ME: I don’t think so. I think it’s good that I started at the university. I had the link with most of the oil companies and support from the university itself, which allowed a good transition. I still have an association with the university.

It was a big learning experience for me. I didn’t have an MBA, but I almost did an MBA the hard way, learning on the job and learning from the actual experience.

CC: Canada seems to have ongoing difficulties in recruiting young woman to enter IT and other technical fields. What was your experience entering your area of study?

ME: When I came to Canada I was the only female in the engineering program who started to do her Master’s here. I wasn’t planning to do my graduate studies, actually. I was fresh out of university and I was tired. I thought maybe I’d like to work for a change. When I went to the Lavlin office, actually, I knocked on the door and said I was a female engineer looking for work. They all looked at me strange. They said, “”We’ve never heard about females here before. If you want to start here, you can start as a draftsperson and maybe move on.”” I said drafting was the thing I liked least, and if I started at drafting everyone would consider me as a draftsperson, and to move on in the company would be difficult. This same company offered me a job right away as soon as I graduated. It was very funny, but of course it was a different group then — it was R&D — but I was the first female hired in the company for eight years, all by myself with no other women.

CC: Do you see things improving in the industry?

ME: Yes. Even up to 1988, when the international organization Women In Science and Engineering (WISE) encouraged me to start a chapter in Newfoundland, we didn’t have so many females. We had about maybe 15 females show up to our first meeting, scientists and engineers.

You wouldn’t believe now the impact of the activities of WISE Newfoundland have had on the acceptance of women in engineering. We trained females from high-school — from Grade 11. We brought them in a work term, about 50-60 females to the university and (showed them) around different departments to at least look at the different science areas there. Now over 20 per cent of engineering students are female at Memorial University. Some of them are really successful too, at the top of their class and winning awards.

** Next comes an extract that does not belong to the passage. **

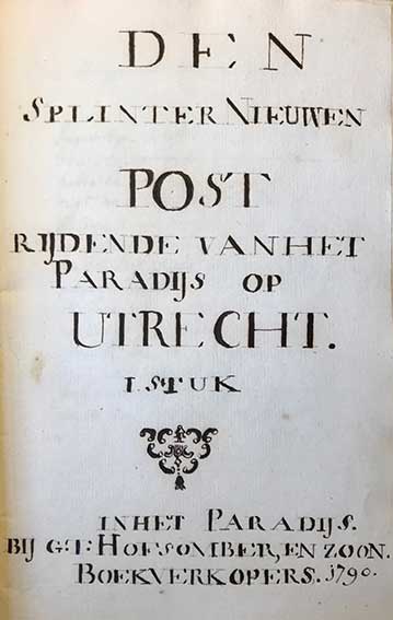 (VUURIG, Bartholomeus). Den splinternieuwen Post, rijdende van het Paradijs op Utrecht. 1. Stuk. In het Paradijs, bij G.T. Hofsomber en Zn. Boekverkopers, 1790. Manuscript on laid paper. (22) lvs. W. front. drawing on vellum of the author (on horseback) in colour. 4°. Cont. marbled brds.
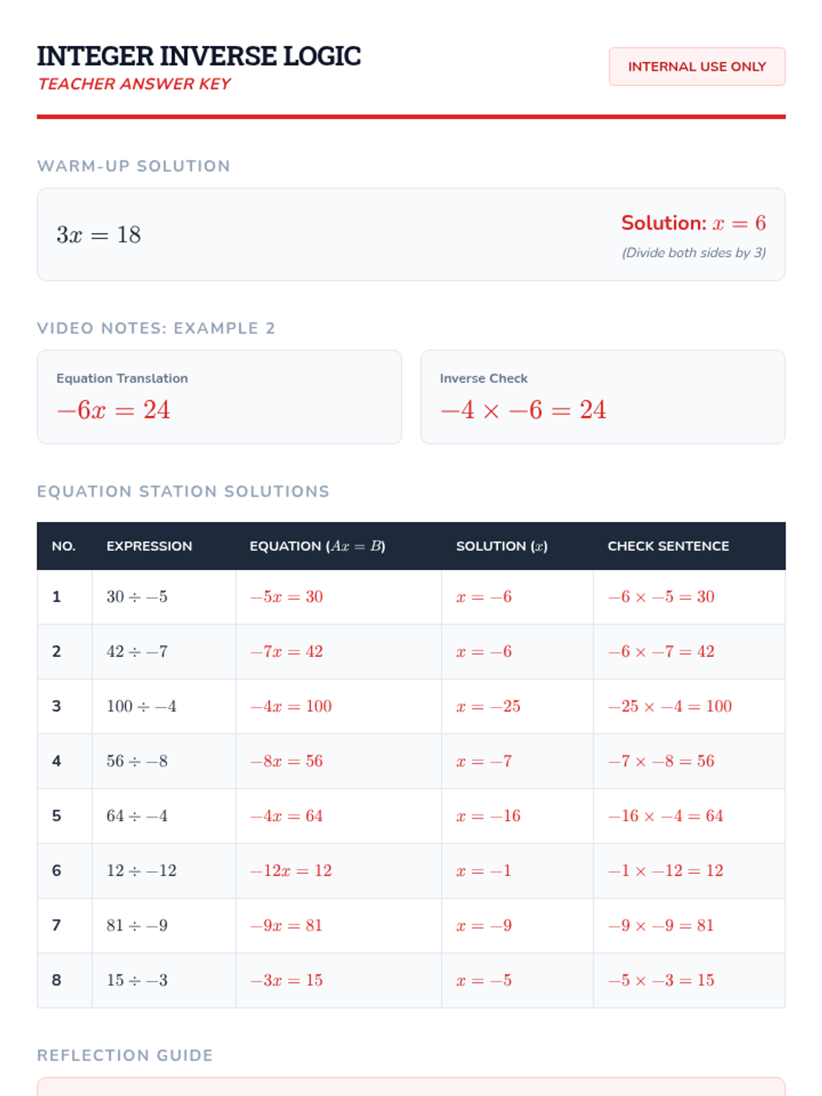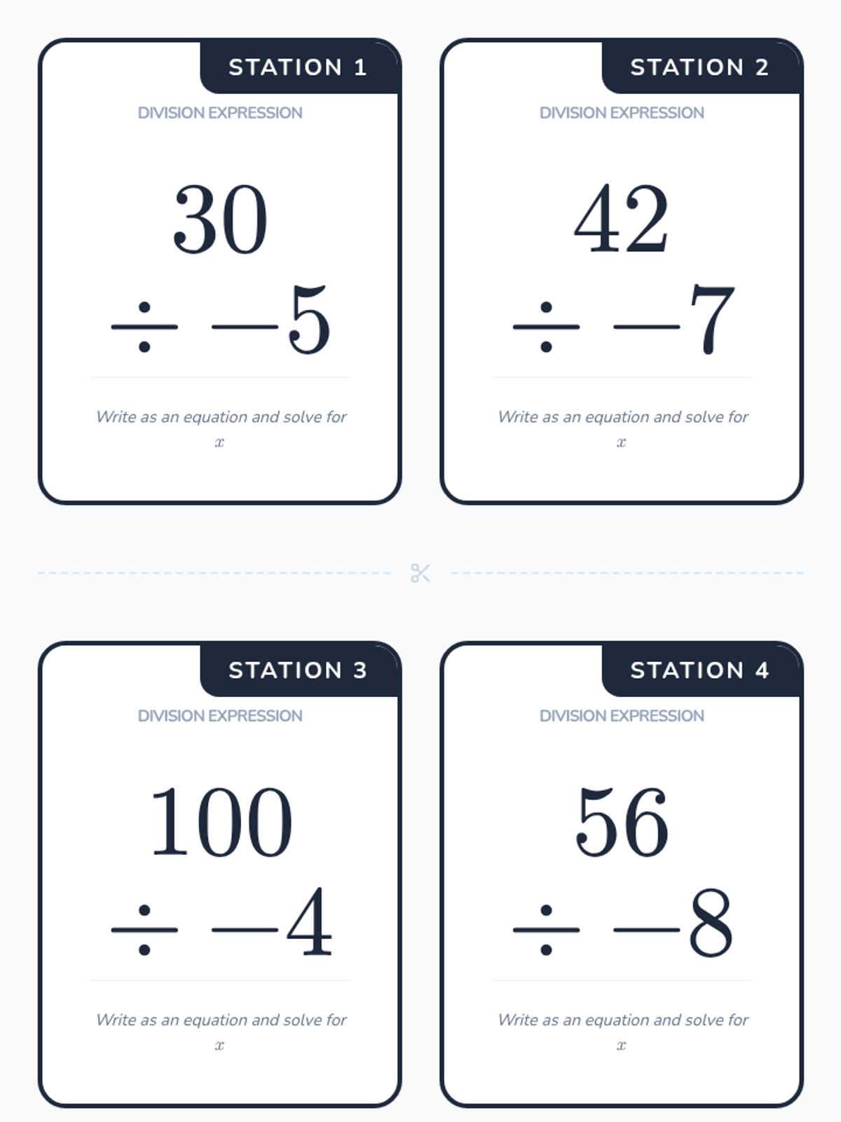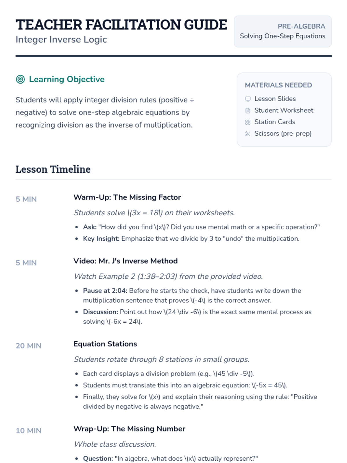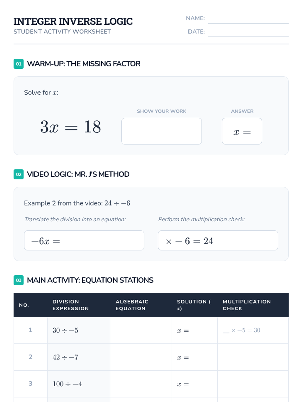A Pre-Algebra lesson focused on the relationship between integer division and one-step algebraic equations, featuring a 'Math with Mr. J' video and an 'Equation Stations' activity.

They were already successful in high school in science and math and physics, but they would never consider this as one of their options.

CC: If one of the young women studying in those programs today had an idea for a business of their own, what kind of advice would you offer them?

ME: They need some experience first. I advise not to start right away. I mean, some maybe are capable and start something before getting any experience in any company. I think if they have the talent, it’s better to work in a company first — see the environment, how things are operating. Get involved in the company on the management activities. Get to know about other things, not just the area you are working on.

CC: Knowing what you know now, would you recommend they go for their MBA as well?

ME: I think it is useful, but sometimes if you’re busy maybe you can do special courses, and select the practical ones related to the business. You don’t have to have the full MBA, but of course if you have the chance to do it, I think it would be good.

We didn’t have this kind of exposure when we were young in high school, or even in university, to understand business and how to run a business. But now most of the education is being changed. The curriculum is being improved and I think the new generation will be able to start their business ahead of the time it took our generation.

CC: What are you doing to grow Coretec this year?

ME: Right now we are forming a full board of directors. We’ve had an advisory board over the last couple of years, but now it’s a full board, and we’re looking for financing to get our technology distributed all over the world. We’re doing a lot of alliances, we’re planning to license the software to some larger manufacturers to make sure the technology is getting to the market quickly. Hopefully we’ll be worth millions and millions of dollars in the next few years (laughs). We hope — according to the marketing plan — to reach at least $100 million over the next three years from sales of our navigation aid system.